自分に当て嵌めて想像してみれば、僕の中には『恐れ多い』という結論が出るだけ。真野先輩の創作は真野先輩だけで完結する。そこに余分が入り込む余地はない。どこまでいっても僕は受け取るだけの人間だ。
でも――清廉は違う。
憧れに手を伸ばせる自信、自負があるのだろう。
「ふふっ、こんなに夢みたいでワクワクするの生まれて初めてだわっ。ね、綾野、バンドってみんなで一緒に音楽作るのよね? どんな練習になるのかしら」
目の前でやる気を漲らせている女の子は歌姫『miu』で、星野さんが足元で消し飛ぶくらいの知名度を誇っているだろうに。清廉は確固たる自分の尺度で物事を見ている。
――特別な才能を持つ、特別な人が僕の隣ではしゃいでいる。
夢みたいなのは僕の方だ。
悪夢さえ晴らすようなあの歌声の持ち主が――。
「なに黙ってるのよ」
「二人と一緒にやるってのは初心者には」
「いーのよ初心者とかそーいうのは。あたし、案外あんたのこと気に入ってるみたいだし。あんたもあたしのこと好きでしょ?」
「……」
どうにも、清廉未羽という存在は僕の心臓に悪い。まるで太陽の擬人化のように眩しくて仕方がない。

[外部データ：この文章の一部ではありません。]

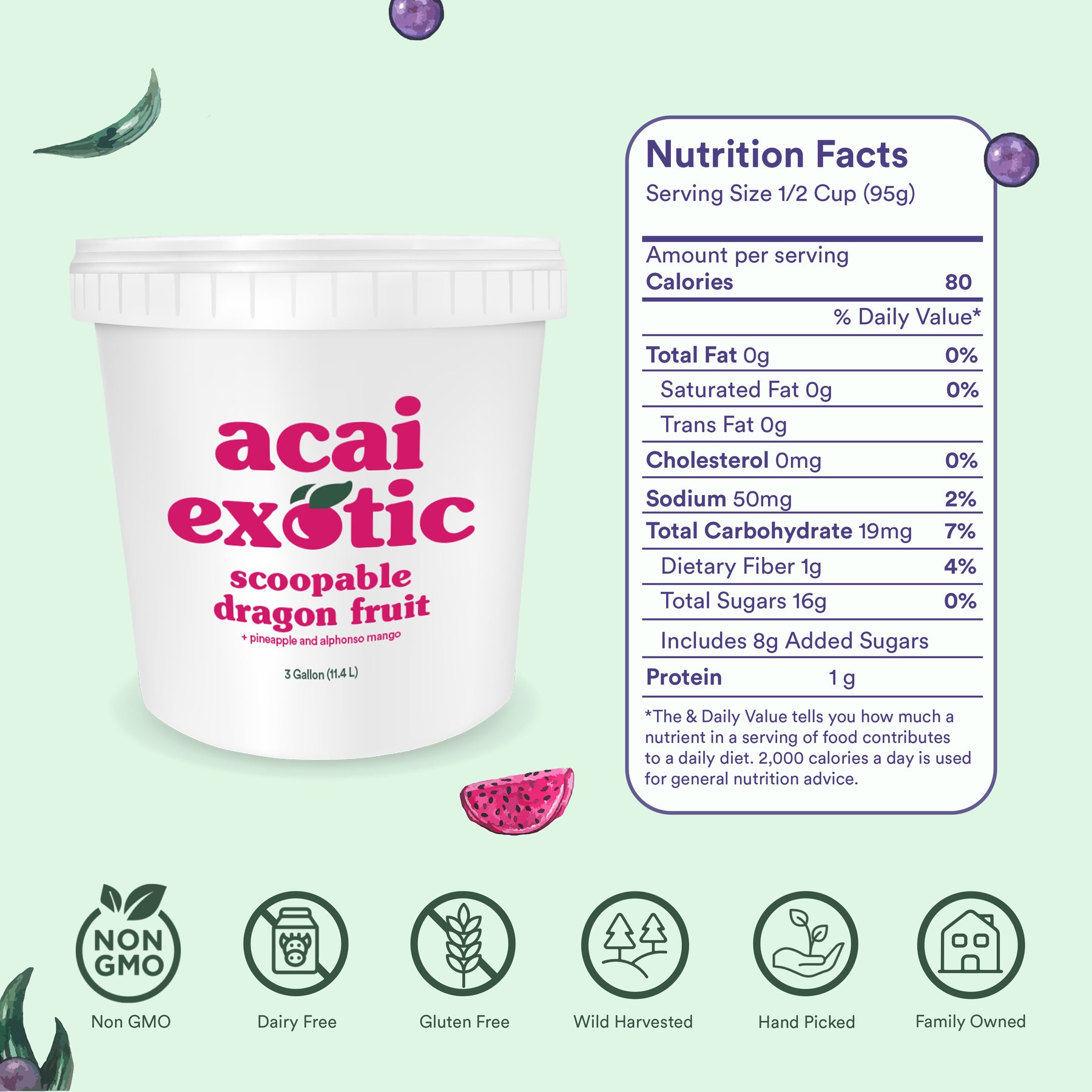 Our 3-gallon Dragon Fruit Sorbet is a vibrant, exotic treat tailored for stores that prefer a simple, no-blend option to delight customers. Crafted from premium pink dragon fruit blended with alphonso mango purée, pineapple purée, and a touch of natural sweeteners, this scoopable sorbet boasts a smooth, refreshing texture and a tangy-sweet tropical flavor reminiscent of fresh kiwi and pear with hints of berry. Rich in antioxidants, vitamin C, fiber, and essential nutrients from its superfruit base, it's a nutritious choice for health enthusiasts seeking a low-fat, dairy-free dessert or vibrant smoothie bowl foundation. Pre-mixed and ready to serve directly from the pail, this user-friendly product streamlines your service while infusing your menu with bold, colorful appeal. Discover the effortless way to offer premium quality and tropical indulgence with every scoop of this dragon fruit sorbet.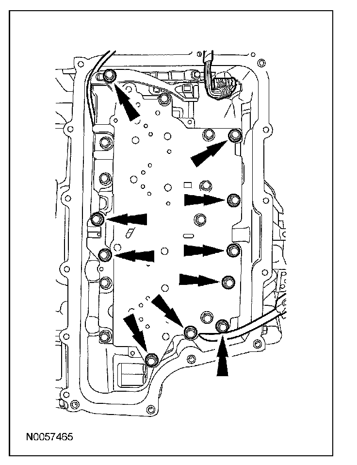 7. CAUTION: Make sure not to pinch the turbine shaft speed (TSS), output shaft speed (OSS) or transmission range (TR) sensor wiring harnesses when installing the solenoid body. Damage to the wiring harness will occur.
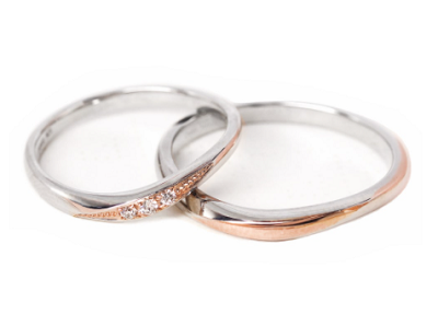 プラチナリングをベースに、ピンクゴールドのカラーリングを施すことで、シンプルさのなかに洗練された上品さを醸し出す雰囲気を放っています。レディス向けは3石のダイヤモンドをメインとして、その両サイドに、繊細なミルグレインを施すことで、装飾部分全体の一体感を表現しているとアピールされています。メンズ向けは、ピンクゴールドのカラーリングを活かしたシンプルデザイン。オシャレな大人のカップルにピッタリと推奨されています。
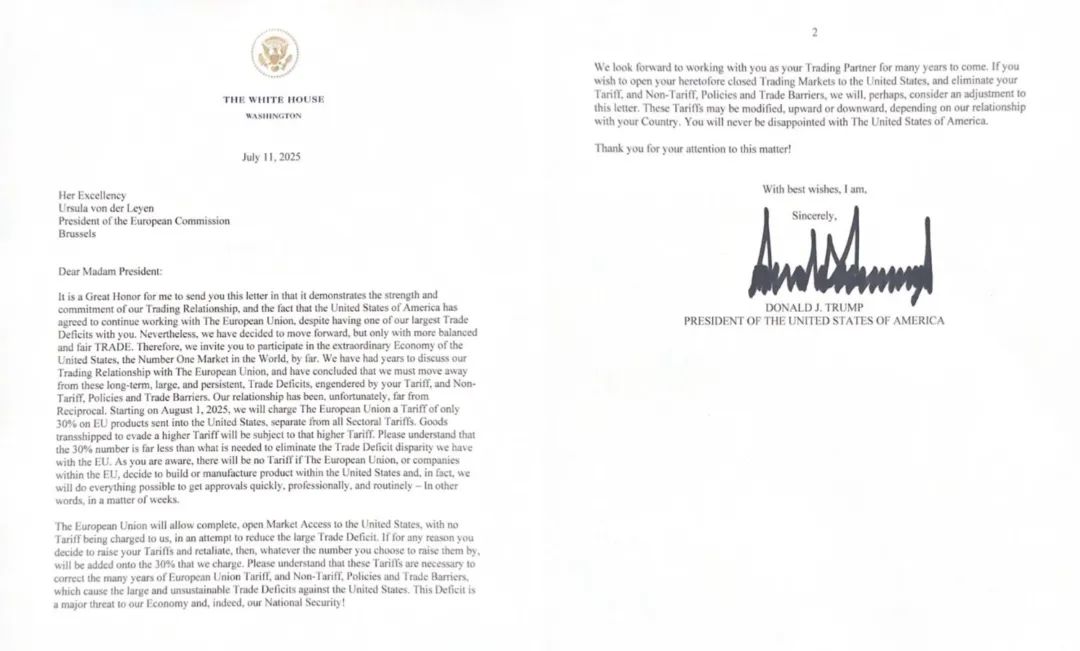 美国总统特朗普12日发出两封关税威胁信函,称自8月1日起对从欧盟、墨西哥进口的商品分别征收30%关税。美国最大的贸易伙伴欧盟当即表示,必要时会予以反制。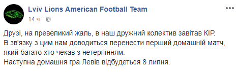 Матч Top Лиги УЛАФ по американскому футболу между командами "Львы" (Львов) и "Викинги" (Николаев) перенесен со 2 на 6 июня из-за эпидемии кори у львовян.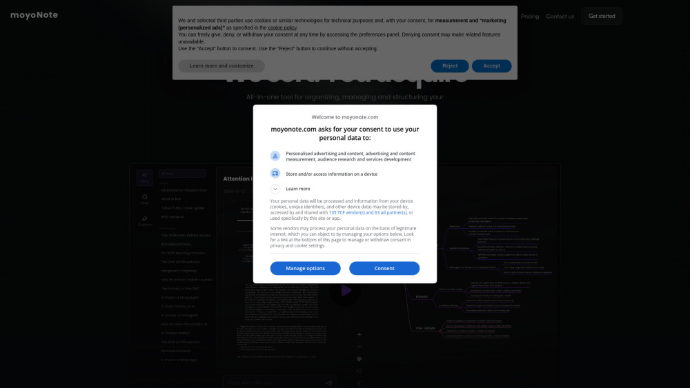 5 个对话,100MB 免费存储 / AI 思维导图 / 组织和结构化信息 从每月 $8.25 起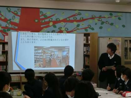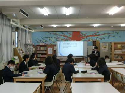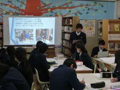 職場体験学習のまとめである、事業所別プレゼンテーション発表会に向けて、その練習が行われています。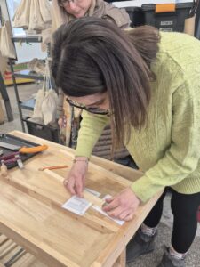 Αφού φτιάξαμε τα γράμματα στα πάνελ, έπρεπε μετά να τα κατασκευάσουμε με ξύλο. Στην αρχή πήραμε κάρτες με τα γράμματα που ήταν σχηματισμένα με κύβους και ορθογώνια παραλληλεπίπεδα. Εμείς έπρεπε να ψάξουμε σε κάθε γωνιά του εργαστηρίου για να βρούμε τους ξύλινους “οδηγούς” που θα μας βοηθούσαν να κόψουμε τα κομμάτια ξύλου για να φτιάξουμε τα δικά μας γράμματα.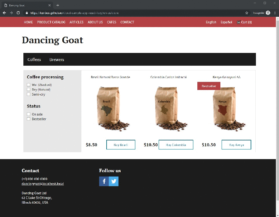 If you want to add e-commerce features to your existing site, it is sometimes a good idea to keep your current content and product data apart. It would be awesome if you could achieve it just by adding the widget or code snippet to your current website, wouldn’t it? An e-commerce platform called Ecwid comes with such functionality. You just have to create product catalogs and fill all necessary data about payments and orders on their site and render the widget. This approach demonstrates the clear separation of concerns — your marketing data is managed in CMS, while goods, orders, and all necessary data and processes related to e-shop are handled by e-commerce platform. Eager to see it in action? Try to buy some brewers for your favorite coffee from example e-shop or just skim through the code.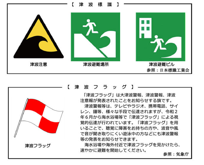海のそばで大きな揺れや弱くても長い揺れを感じたら、津波警報や避難指示が出る前でも、率先して避難しましょう。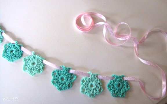 I love finding all sorts of uses for pretty crochet flowers since I make them all the time! i have a sweet collection that could easily become something like this garland…

「せーれんも星野さんも、僕にはもったいないくらい凄い人だと思ってるよ」
「星野も、ね。そうでしょう、そうでしょうっ。どーせ暑いだけの八月なんだからたのしー音楽の授業と思ってバンドも気楽に始めるのよっ」
清廉は満足気に頷きながら一歩前に進み、ぐいっと僕を焼けつくような直射日光の下に連れ出し――。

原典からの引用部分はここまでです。